*What to work on*. Down to the final line, write out the material beneath exactly, without pictures.

*Recorded data*.
┌──
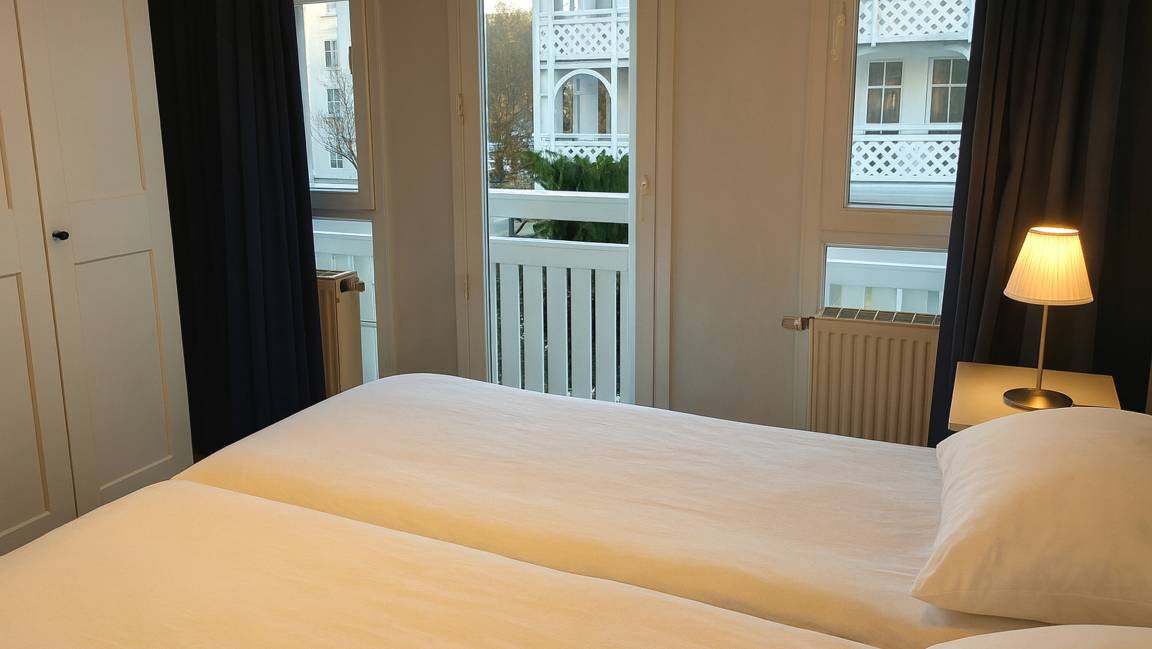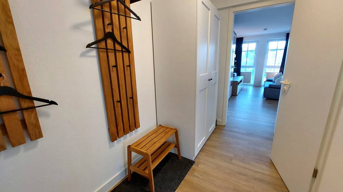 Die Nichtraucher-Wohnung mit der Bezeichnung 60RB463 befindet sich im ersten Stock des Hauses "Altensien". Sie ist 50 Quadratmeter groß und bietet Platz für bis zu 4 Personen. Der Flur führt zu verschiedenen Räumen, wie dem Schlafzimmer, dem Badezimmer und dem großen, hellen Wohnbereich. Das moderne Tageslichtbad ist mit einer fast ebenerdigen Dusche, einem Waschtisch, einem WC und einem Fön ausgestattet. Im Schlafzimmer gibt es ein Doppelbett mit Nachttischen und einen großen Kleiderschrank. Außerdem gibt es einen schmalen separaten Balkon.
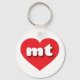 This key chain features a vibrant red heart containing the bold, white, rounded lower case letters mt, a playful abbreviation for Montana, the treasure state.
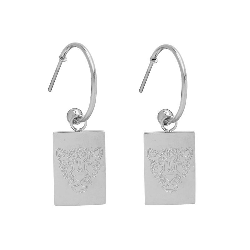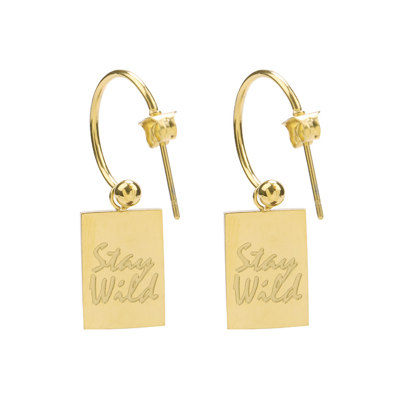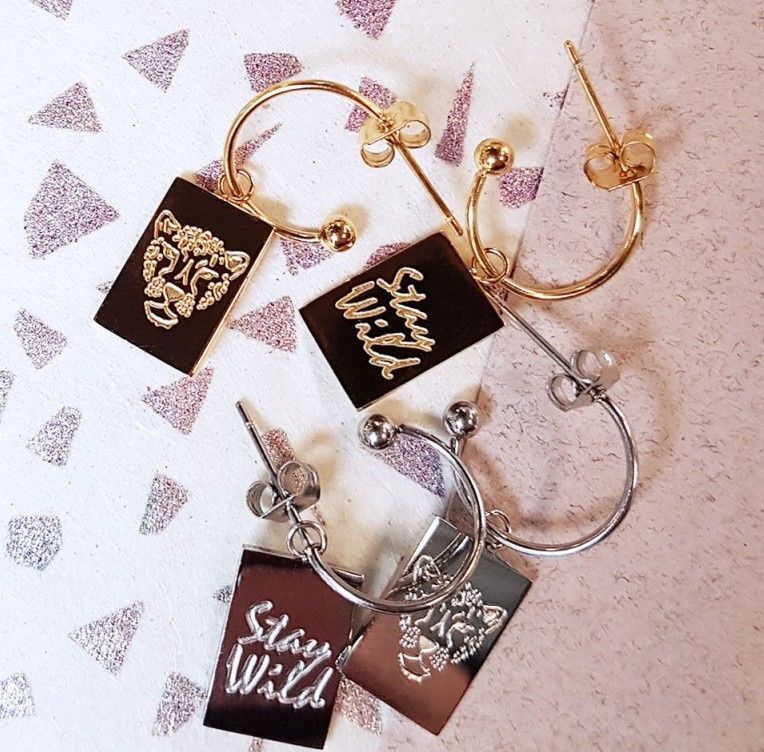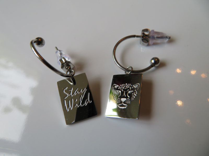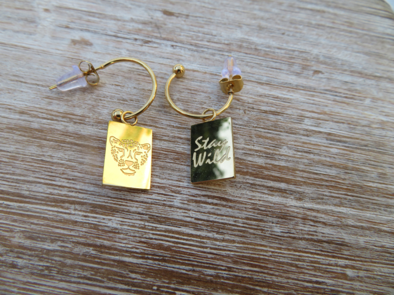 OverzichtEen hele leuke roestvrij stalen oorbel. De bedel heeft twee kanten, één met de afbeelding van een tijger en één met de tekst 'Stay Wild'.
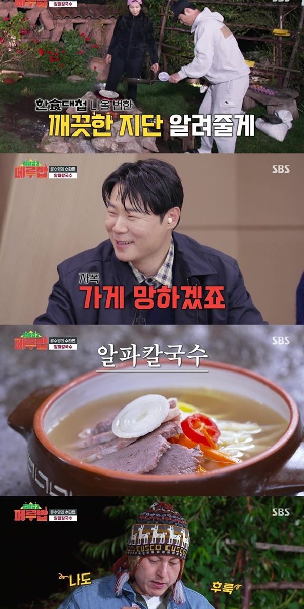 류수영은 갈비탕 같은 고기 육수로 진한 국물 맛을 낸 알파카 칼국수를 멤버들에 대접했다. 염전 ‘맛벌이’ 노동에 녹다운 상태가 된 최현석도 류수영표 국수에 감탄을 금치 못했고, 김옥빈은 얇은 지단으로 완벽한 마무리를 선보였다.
└──
*Task output*.
 Die Nichtraucher-Wohnung mit der Bezeichnung 60RB463 befindet sich im ersten Stock des Hauses "Altensien". Sie ist 50 Quadratmeter groß und bietet Platz für bis zu 4 Personen. Der Flur führt zu verschiedenen Räumen, wie dem Schlafzimmer, dem Badezimmer und dem großen, hellen Wohnbereich. Das moderne Tageslichtbad ist mit einer fast ebenerdigen Dusche, einem Waschtisch, einem WC und einem Fön ausgestattet. Im Schlafzimmer gibt es ein Doppelbett mit Nachttischen und einen großen Kleiderschrank. Außerdem gibt es einen schmalen separaten Balkon.
 This key chain features a vibrant red heart containing the bold, white, rounded lower case letters mt, a playful abbreviation for Montana, the treasure state.
 OverzichtEen hele leuke roestvrij stalen oorbel. De bedel heeft twee kanten, één met de afbeelding van een tijger en één met de tekst 'Stay Wild'.
 류수영은 갈비탕 같은 고기 육수로 진한 국물 맛을 낸 알파카 칼국수를 멤버들에 대접했다. 염전 ‘맛벌이’ 노동에 녹다운 상태가 된 최현석도 류수영표 국수에 감탄을 금치 못했고, 김옥빈은 얇은 지단으로 완벽한 마무리를 선보였다.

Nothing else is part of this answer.